Ночи холодны и бесснежны - это плохо. Следы к скрытне в глубоком снегу так и зияют. Запретил Филиппее уходить на починок, да все равно видно старые следы. Не ровен час - нагрянут, пропадет в первую голову он. Да что - пропадет все дело, все станет напрасно... Сторожиться надо!.. Сказывала Филиппея, тот же горлопан Гришка с наганом опять заявлялся на починок. Ищут!.. Никого- ни Филиппею, никого - не отпускать из скрытни. Снегом глубоким пусть завалит - умрут, захоронятся до самой весны.
А весной...
Первое умерщвление - в вешней водице - Христофор надумал провести в апреле. Первыми венец примут Варвара, совсем угасавшая от чахотки, и Фаина, непорочная Христова невеста.
18.
Начал отсыревать потолок землянки; потом сверху потекло ручьями. Так в скиту узнали, что пришла весна.
Пол залило. Скрытницы бродом бродили по воде.

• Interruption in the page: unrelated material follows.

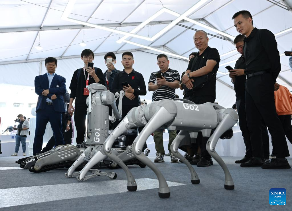 People look at robots during the 6th World Voice Expo in Hefei, east China's Anhui Province, Oct. 24, 2023. The 6th World Voice Expo and the iFlytek 1024 Global Developer Festival kicked off here on Tuesday. The latest achievements and application of AI technology will be on display at the 6-day event. (Xinhua/Zhou Mu)

Решено было выносить воду наверх ведрами. Скрытницы наконец-то выбрались на волю. Стояли, смотрели на яркое солнышко, слабо шевелили руками, заслоняясь от него, плакали. Тепло доедает снег, старой овчиной лежит он на дне оврага, в ложках, а тут, на склоне, уже голо. Из-под копен прошлогодней листвяной прели, бурой уже, скрюченной, полуистлевшей, ласкают глаз молодые листочки копытеня. Эта божья травка все время зелена - и весной, и осенью, и даже зимой, под снегом. Листики-копытца влажны, поблескивают, точно маслицем помазаны. А там, у речки, - ровно выводки цыплят - пухом цыплячьим, желтым окинуло берега - верба цветет. Цветет и орешина, сыплет на студеную воду свою серую пыльцу. А разлившаяся речка бурлит, воркует, точно голубок. Весь лес как бы тлеет - колеблясь, восходят дымки воспарений и дрожат за ними рыже-бурые стволы деревьев, ржавые кочки с прошлогодней брусникой. Синее небушко так и ласкает глаз, птицы заливаются, воздух теплый, ясный - хорошо! Как не хочется спускаться обратно, в темь и сырь. Надышаться, налюбоваться вольным светом последние минуты! Целый век прожили и не знали, что это за благодать такая - стоять и дышать в весеннем лесу. Вернуть бы времечко - все бы дни, кажется, изводить на это стали... Да разве вернешь?.. Скрытницы - даже и Христофор не смог запретить, вот как! - разбрелись по овражку, расселись, где посуше. Пошла было и Варвара, да закружилась голова. Опустилась на кочку, закашлялась. Хлынула горлом кровь на осклизлый, точно обмыленный снег.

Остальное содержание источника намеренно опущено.